Beyond the fact that they are more rapidly elicited and intense in expression, these emotions aren’t that different from neurotypical people. But there can often be feelings of shame and poor self-esteem that have developed over time as a result of a history of family members and friends not understanding the characteristics of ADHD and reacting poorly and with judgement.
Difficulty with executive functioning (EF) is one of the hallmark characteristics of adult ADHD. Executive functioning describes a person’s capacity to organize, structure, and prioritize tasks. It involves working memory and a meta-cognitive capacity to observe oneself across experiences.
By having this multi-faceted perspective, people with EF know when to engage tasks, e.g. what takes priority, how and why to delay gratification in order to accomplish the larger goal(s). People with ADHD have trouble with all of these areas.
High Achievers with ADHD
Now that you have a better understanding of the symptoms of adult ADHD, let’s go back to the definition of ‘high functioning ADHD’. What is it? The best way to think of this is that you are successful in spite of your ADHD. The question is why.
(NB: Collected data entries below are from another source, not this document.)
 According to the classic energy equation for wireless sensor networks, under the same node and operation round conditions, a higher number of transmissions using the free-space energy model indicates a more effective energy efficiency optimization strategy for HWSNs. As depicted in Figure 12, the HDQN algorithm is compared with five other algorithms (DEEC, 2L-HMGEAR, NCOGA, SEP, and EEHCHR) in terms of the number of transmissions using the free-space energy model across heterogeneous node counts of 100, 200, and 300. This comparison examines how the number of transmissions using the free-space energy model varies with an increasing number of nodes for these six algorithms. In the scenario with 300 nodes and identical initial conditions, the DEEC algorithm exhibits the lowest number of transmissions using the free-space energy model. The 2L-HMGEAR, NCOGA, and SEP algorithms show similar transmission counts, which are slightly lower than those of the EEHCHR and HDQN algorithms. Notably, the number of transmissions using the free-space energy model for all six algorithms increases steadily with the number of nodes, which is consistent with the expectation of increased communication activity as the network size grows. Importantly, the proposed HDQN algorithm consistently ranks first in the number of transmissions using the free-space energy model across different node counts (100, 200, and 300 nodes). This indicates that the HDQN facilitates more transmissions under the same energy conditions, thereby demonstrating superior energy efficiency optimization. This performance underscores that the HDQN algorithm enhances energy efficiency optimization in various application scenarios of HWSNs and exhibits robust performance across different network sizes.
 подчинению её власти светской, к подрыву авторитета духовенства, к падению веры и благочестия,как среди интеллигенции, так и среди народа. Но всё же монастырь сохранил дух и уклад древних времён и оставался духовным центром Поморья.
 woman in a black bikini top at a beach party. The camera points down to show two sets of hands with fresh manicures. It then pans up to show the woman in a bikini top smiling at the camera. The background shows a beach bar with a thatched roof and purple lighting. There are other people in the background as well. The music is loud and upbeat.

Here are some explanations:
You have mild symptoms.
Just because you qualify for a diagnosis, doesn’t mean that the symptoms have to be severe. You may not even have all of them. Naturally, the less impaired you are in these areas, the more opportunity you have for success.
You’re really smart in ways which compensate for or ‘mask’ your symptoms.
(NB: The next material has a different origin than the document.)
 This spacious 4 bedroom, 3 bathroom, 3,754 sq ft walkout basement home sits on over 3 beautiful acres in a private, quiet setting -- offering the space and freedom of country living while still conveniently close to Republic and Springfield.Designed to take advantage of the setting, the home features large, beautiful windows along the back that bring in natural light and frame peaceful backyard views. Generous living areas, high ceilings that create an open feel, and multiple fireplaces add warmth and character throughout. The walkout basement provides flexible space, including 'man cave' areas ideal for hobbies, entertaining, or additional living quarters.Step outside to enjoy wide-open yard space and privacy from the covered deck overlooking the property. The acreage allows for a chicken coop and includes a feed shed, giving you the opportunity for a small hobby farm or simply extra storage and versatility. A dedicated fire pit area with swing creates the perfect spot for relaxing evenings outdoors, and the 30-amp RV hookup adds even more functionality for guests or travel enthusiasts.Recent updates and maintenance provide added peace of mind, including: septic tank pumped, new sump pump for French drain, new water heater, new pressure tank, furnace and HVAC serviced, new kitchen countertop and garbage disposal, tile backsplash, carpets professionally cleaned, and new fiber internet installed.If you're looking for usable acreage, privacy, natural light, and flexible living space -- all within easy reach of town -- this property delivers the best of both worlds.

There are many types of intelligence. Some people have high emotional or interpersonal intelligence. They understand emotional cues and know how to ‘read the room.’ While this latter area can be impaired by ADHD, it doesn’t have to be. For example, you could have difficulties with impulsivity and containing yourself – and still understand the cues and what is called for in a moment interpersonally. Other people have ‘math smarts’, e.g. they have high levels of numerical, spatial, or reasoning intelligence. This type of intelligence can help them be successful in certain contexts. The same is true of other types of gifts, such as people with linguistic intelligence (‘word smart’, e.g. gifted in writing), musical intelligence, or kinesthetic intelligence (e.g. sports).
You have found a context or setting(s) which allows you to be your ‘best self’.
I’ve heard the argument – and agree with it – that ADHD is not a deficit, but rather an expression of a poor fit between a person’s neuro-diverse mind and the demands of the environment they are in. How can we change the environment to maximize success?
High achievers with ADHD find environments that they can be successful in. Let’s look at some of these examples, as seen through the prism of career (Orlov, 2022):
Jobs that allow for adaptation and ‘going with the flow’. These are roles that allow for making decisions on the fly, and being responsive to the moment. Some of the great performers (e.g. athletes, comedians, actors) are successful because of their ability to improvise. Creative types, such as artists, writers, and musicians, also fall in the category.
Jobs that let you think big and be the ‘idea person’. A lot of people with high-functioning ADHD are drawn to entrepreneurship and the start-up world. They don’t want the tedium of implementing details, but they love the process of brainstorming the next innovative idea.
Jobs where you can respond to emergencies. These are settings that have a ready supply of dopamine. They don’t call for consistency over time, but rather responsivity to emergent stimuli. Examples include ER docs, day traders, and decision-makers.
Jobs that have ‘focus flexibility’. Having ADHD doesn’t mean you can’t focus. It just means you can be somewhat dysregulated in that level of focus. When people with ADHD get ‘in the zone’ they can achieve very high levels of hyper-focus and be highly productive. This is a superpower of these high achieving types. Environments that are flexible in allowing this to occur help bring out a person’s strengths. One great example could be the life of a writer – long amounts of time to write, 80% of which could feel wasted, and 20% of which could be incredibly productive.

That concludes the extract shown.